Sono passato di sera alcuni mesi fa innanzi ad alcune discoteche storiche del vicentino e mi si è fermato il cuore. Boom, Expo, Macrillo, Decò, Dimodà sembrano diventate macerie post bombardamento o edifici abbandonati a causa di un sisma. La sensazione che si prova fermandosi a ricordare come pulsavano di vita appena due decenni prima quelle discoteche è devastante, soprattutto per chi da giovane in quei locali ha vissuto la gran parte dei primi approcci con l’universo femminile. Questo non vale solo per Vicenza, ma quasi ovunque, da Jesolo a Rimini, da Milano a Palermo, la discoteca non esiste più o se non altro non esiste più quel tipo di discoteca ed il night life ad esso collegato. All’epoca non esistevano i selfie o le macchine fotografiche digitali: rimpiango di non aver mai portato in discoteca anche una vecchia Polaroid per immortalare uno di quei momenti, in mezzo alla pista o sul priveè con qualche cubista in pedana. Pensare invece che oggi si va in questi pseudo-locali che si fanno chiamare disco-club con il fine unico di farsi fotografare con l’amico/a di turno per postare la foto su qualche social aspettando il commento degli altri: più che dance club si dovrebbe chiamare mind hospital.

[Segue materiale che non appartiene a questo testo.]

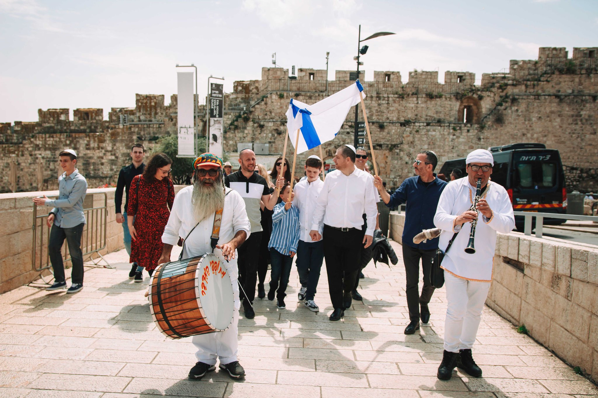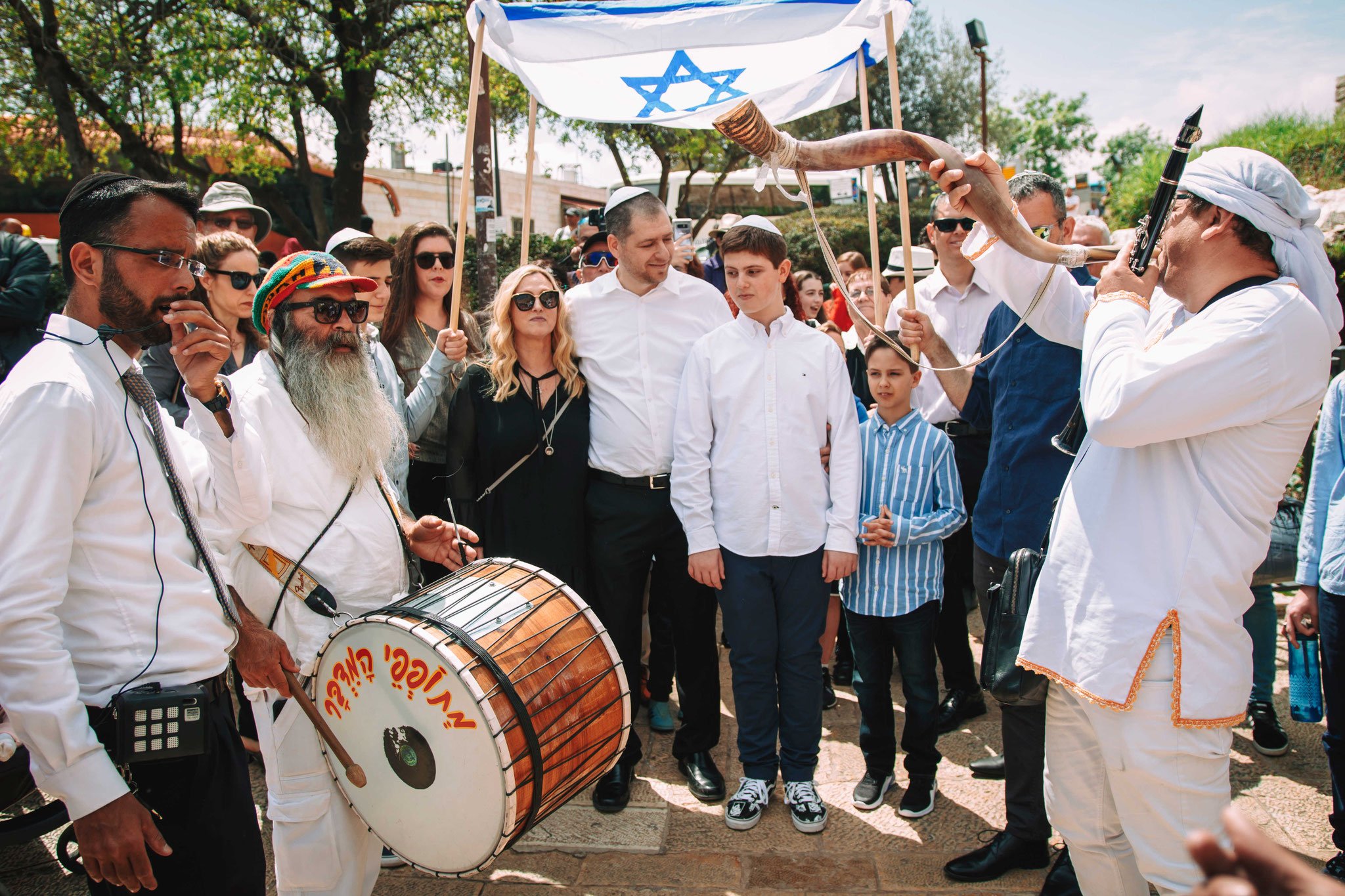 תהלוכה מתופפים ושופרות לבר מצווה בכותל
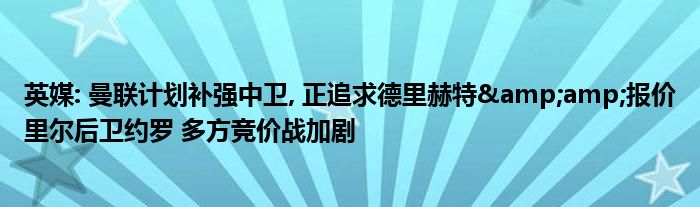 英媒: 曼联计划补强中卫, 正追求德里赫特&报价里尔后卫约罗 多方竞价战加剧
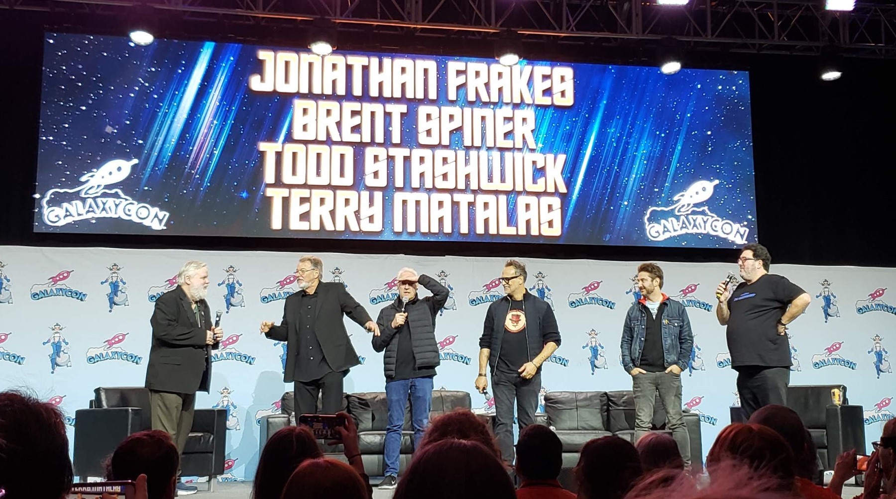 A few minutes before showtime, actor/director Jonathan Frakes took the stage and began to sing “Volaré”. A few in the audience joined in, only for him to cut it short. (We got his autograph at Wizard World Chicago 2014 and jazz hands at Louisville Supercon 2018, a GalaxyCon ancestor.) Soon he was joined by Brent Spiner (a pre-MCC Wizard World Chicago, Indiana Comic Con 2022, and Cincinnati Comic Expo three months ago); season-3 MVP Todd Stashwick (Fan Expo Chicago five months ago), and showrunner Terry Matalas (the day before).
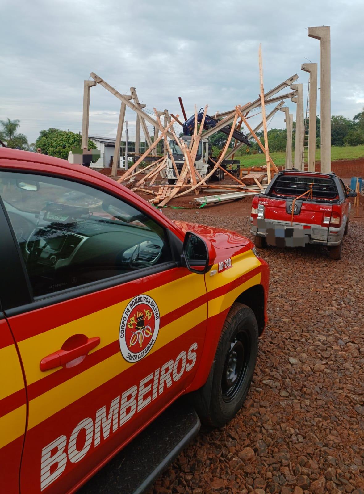 Por volta das 08h18, o Trem de socorro do Corpo de Bombeiros de Itapiranga foi acionado para atendimento de queda de estrutura do tipo Galpão Pré-moldado. Deslocado ao local, sito a rodovia ITG-070, em linha laranjeira, onde foi constatado que 02 masculinos os quais estavam sobre a estrutura, sofreram queda durante a fixação das travessas de madeira após toda a estrutura ceder, ocasionando a queda de ambos.
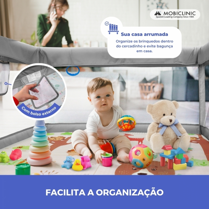 VIGILÂNCIA SIMPLIFICADA: A malha respirável promove ventilação e visão 360º , permitindo que os pais ou cuidadores realizem outras tarefas sem perder de vista os mais pequenos. O cercadinho é útil para conter temporariamente a criança durante atividades como cozinhar , limpar ou receber visitas em casa, sem a necessidade de supervisão constante.
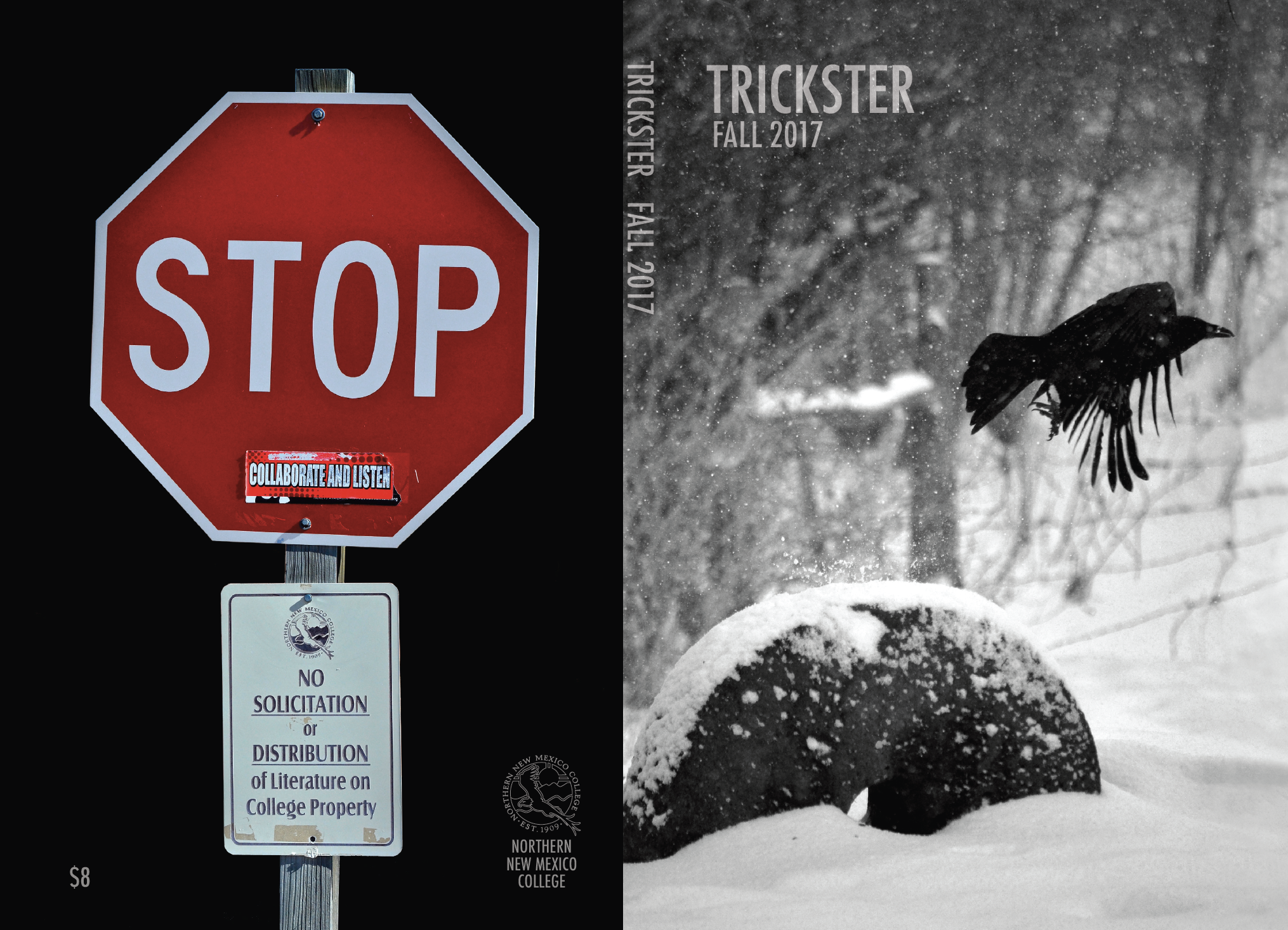 Trickster is a literary journal published yearly by Northern New Mexico College and edited by students. We are looking for unpublished poetry, fiction, nonfiction, artwork and any combination therein. The landscape and cultures of northern New Mexico shape our perspective, but we are excited to accept original work relating to our current theme.
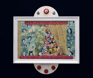 Collage, wallpaper, clock, telephone, light switch, clock mechanisms, sports trophy parts, acrylic knick-knack houses, tin cans, resin balls, wood blocks, camera flash bulbs, water faucet handles, Magic 8 Ball, oven temperature knob, wooden eggs, gameboard houses, spray paint & dry transfer numbers on wooden knick-knack shelves. 33h” x 48w” x 5.5d”
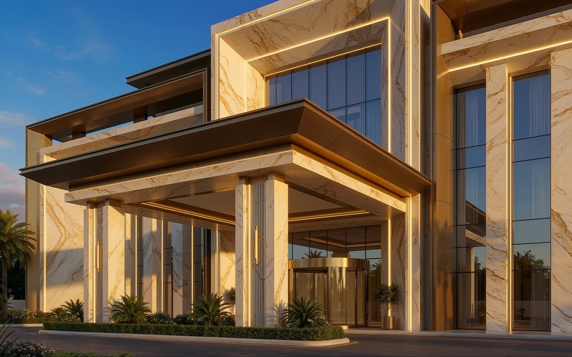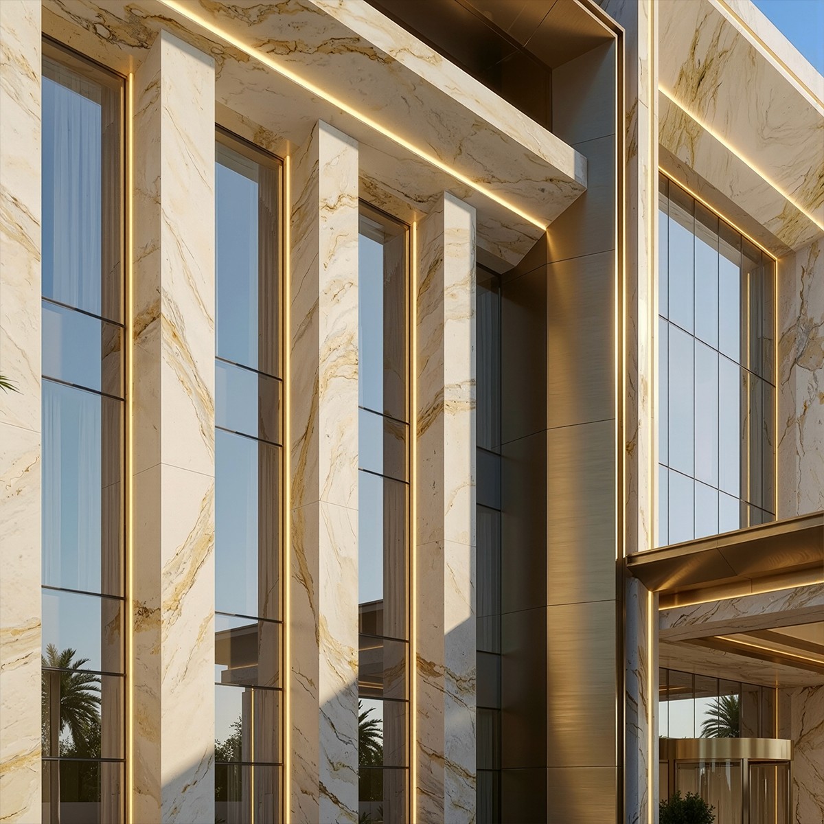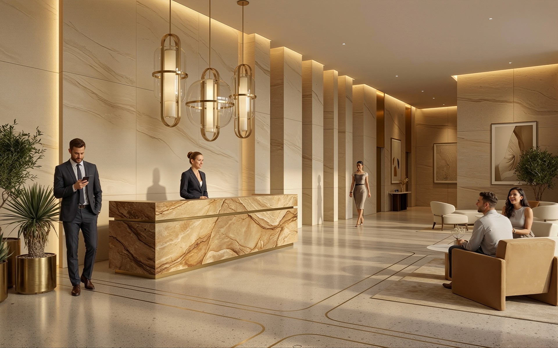 The large-scale columns are engineered from carefully matched stone panels, each chosen for color harmony and structural consistency. These columns bring height and presence to the lobby, echoing the grandeur of regional architecture while maintaining a contemporary edge.
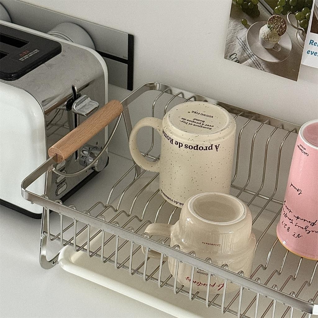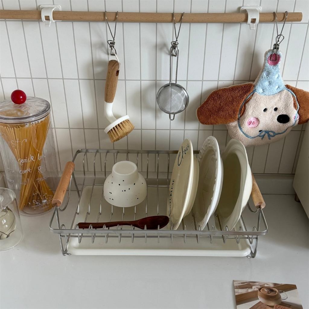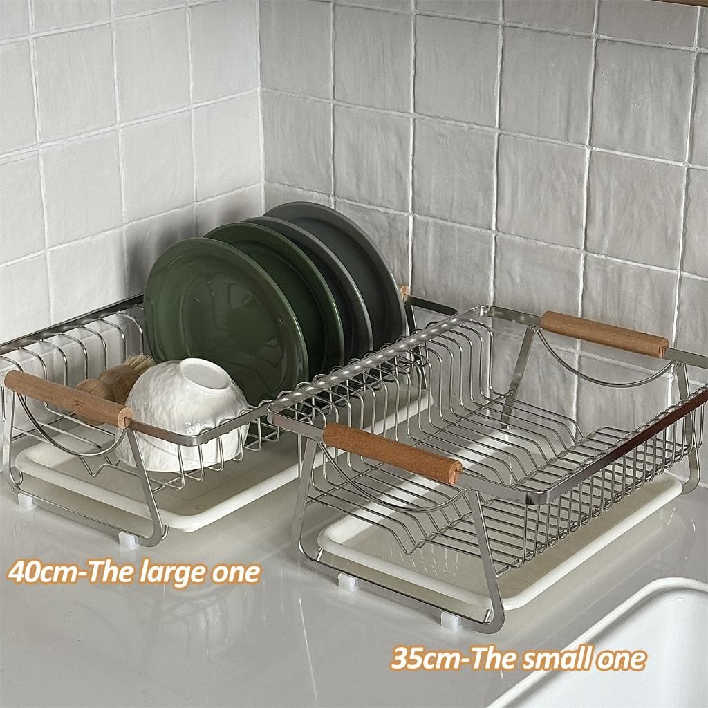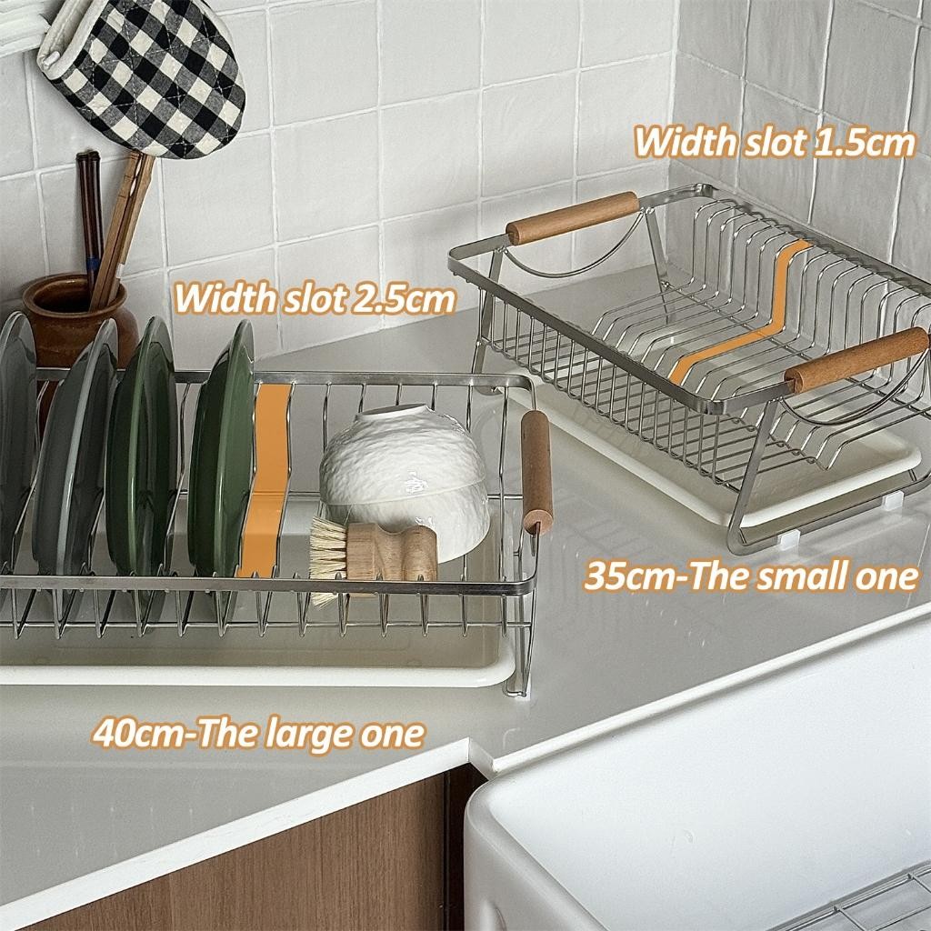 NBSail ชั้นวางจานสแตนเลสพร้อมที่จับไม้และถาดน้ําแบบถอดได้ชั้นวางของในครัว

La droga esisteva anche allora, ma in quantità molto più modesta rispetto ad oggi ed era soprattutto sintetica (Spectrum e Starlight erano le pastiglie di ecstasy più diffuse). L’ultimo flashback che ricordo di quel periodo risale al 1999, quando all’interno di una toilette maschile vidi adagiato sul pavimento un giovane ragazzo in overdose con una siringa in mano. Chi oggi è adolescente forse non ha conoscenza di quel tragico fenomeno giovanile che ha caratterizzato sempre quel decennio: le stragi del sabato sera, di cui adesso non sentite più parlare grazie ad auto moderne molto più sicure e grazie all’aumento sistematico dei controlli sulle strade. Personalmente sono stato vittima di due incidenti quasi mortali a distanza di due anni l’uno dall’altro con l’auto semidistrutta o scaraventata giù da una scarpata. Miracolasamente ne sono uscito illeso. Molti amici e conoscenti invece li ho persi in quanto la sorte ha riservato loro un trattamento diverso. Il mondo delle discoteche degli anni Novanta ci ha prima sorpreso ed entusiasmato con il suo boom e successivamente shoccato e rattristato con il suo sboom: quello che ad inizio 1990 sembrava una miniera d’ora appena dieci anni dopo si era trasformato in una catapecchia abbandonata. Probabilmente quel decennio ha rappresentato per il nostro paese il culmine di una fase di crescita e benessere economico che ha prodotto un desiderio di spensieratezza e divertimento il quale ha trovato sfogo e materializzazione proprio nel mondo della notte legato alle discoteche. Non rivedremo mai più niente del genere, semmai qualcosa diametralmente opposta.